A Spring Lamb and Wild-Foraged Earth Dinner

Early this week, we had a Q&A session with a seasoned Earth Dinner participant, Diane Elliot of Local Roots – A Farm to Table Restaurant in Roanoke, Virginia. In the post below, she outlines her fantastic plans for a special Earth Dinner event at Local Roots on April 18. She also has some advice to share with new Earth Dinner restaurants. Read on!

What are you planning to do this year for Earth Dinners?


Photo from Local Roots website, credit: David Hungate

Diane of Local Roots: For our April 18 Earth Dinner, we are planning a Meet the Farmers Spring Lamb and Wild-Foraged Dinner. The farmer and wife who raise the lamb for us will be at the restaurant with slides on a computer screen showing their farm and operation and they will be answering questions about raising lamb and generally being ambassadors for raising livestock in an organic, caring way that respects who they are as animals.

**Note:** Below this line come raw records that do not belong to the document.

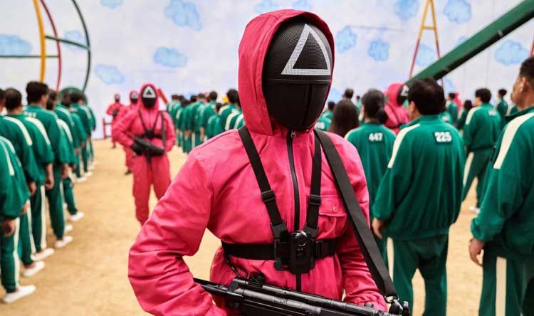 وفي المسلسل، يرتدي جميع اللاعبين ملابس رياضية خضراء أشبه بأزياء السجناء، فيما يرتدي حراسهم وجلادوهم سترة باللون الفوشيا ويضعون ملابس سوداء تظهر عليها مثلث أو دائرة أو مربع تبعا للرتبة.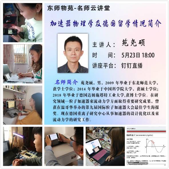 5月23日,名师云讲堂“加速器物理学和德国留学情况简介” 通过线上钉钉直播形式成功举办。本次活动有幸邀请到我校优秀校友苑尧硕做客名师云讲堂,必一运动(官方网站)B·Sport-权威运动资讯网站党委副书记臧丹、副院长姚成顺等共计98名师生参会。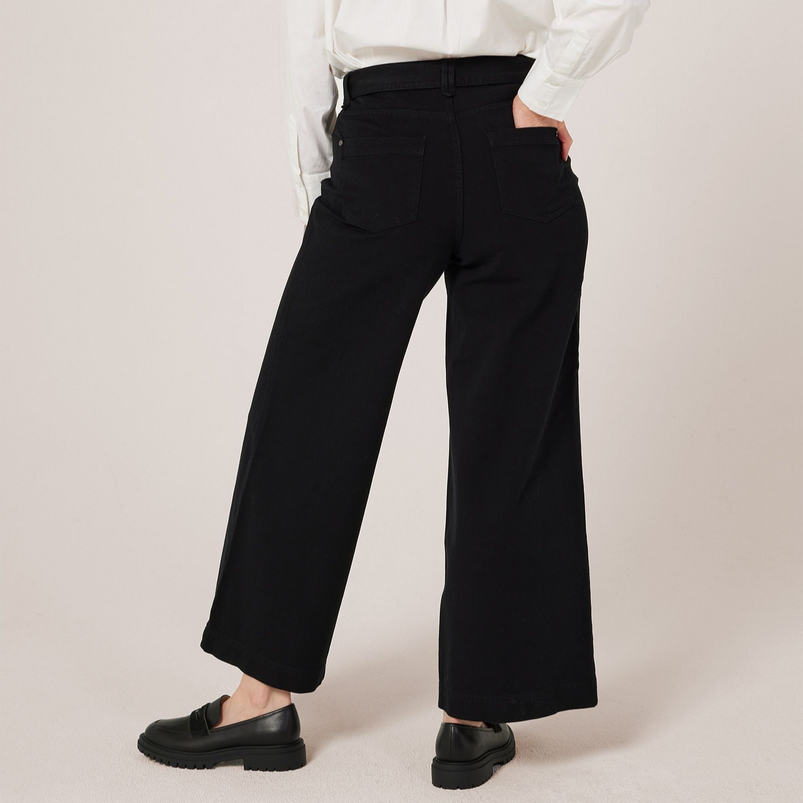 Step out in style with the Ben de Lisi twill wide leg jeans in a standard fit. These jeans boast a contemporary wide-leg silhouette that effortlessly blends comfort and fashion. Designed for versatility, they can be dressed up for a night out or worn casually for a day at the park. Pair them with a fitted blouse and heels for an elegant ensemble or keep it relaxed with a cosy jumper and trainers.

With our lamb we will be featuring such foraged items as purslane, wood sorrel, dandelion greens, violets, ramps, nettles, wild garlic, “creasy greens” (dry land cress), and whatever else we can find that Mother Nature gives us. The event begins at 6 pm with a reception, open bar, and lamb appetizers.

At 6:30 we will sit down to a four-course dinner which will include lamb heart for first course and lamb loin for third course. These will be accompanied by the various foraged plants we have found and some garden-grown spring veggies from our nearby restaurant garden. The dinner is priced at $48. We will have wine-pairings available.

The menu will be available on our website soon: localrootsrestaurant.com. We do not always know very far ahead what exactly we will be offering as we are seasonal and what is in season dictates what we serve.

What inspired you to do a dinner like this?

Diane: I have been reading more and more about wild-foraged foods and thought it would be fun to have a dinner featuring what we can find around here. I like to open new horizons for people, taking them to a new place in understanding what is around them and helping them connect to what is real.

Also, it is part of our mission to educate people about what is available locally and seasonally. This includes what is right around them, even in their own yards. I hope the dinner will encourage people to look at what they already have as “weeds” in their yards and fields and to discontinue poisonous applications to their yards so they can eat what is there. All plants have a purpose. 

We wanted to have this last year and planned it for May, but due to an unseasonably warm spring, there was not enough to have such a dinner in May. So, we planned it earlier for this year to coincide with the Earth Dinner dates and, alas, it is an unseasonably cool spring. So, we shall see what we come up with!

How have Earth Dinners helped you achieve your mission?

Our mission is to find and prepare S.O.L.E. food: Sustainable, Organic, Local, Ethical…and Delicious. 

Earth Dinners have helped us to further our mission and given us a chance to hand out the wonderful materials you send us with Organic Valley’s help. It helps people to broaden their perspective on and know that we in Roanoke are part of a much greater movement of like-minded chefs and owners working for, not against, Mother Earth.
What advice would you give a new Earth Dinner participant?
Diane: Go for it. You can make it as easy or challenging as you like. This is our third year; the past two we served a menu much like our usual menu and gave out educational materials; this year we are stretching ourselves to try something different.

Whatever you do, it is an opportunity to draw attention to what you are doing, your mission, and raise people’s awareness of eating locally and sustainably.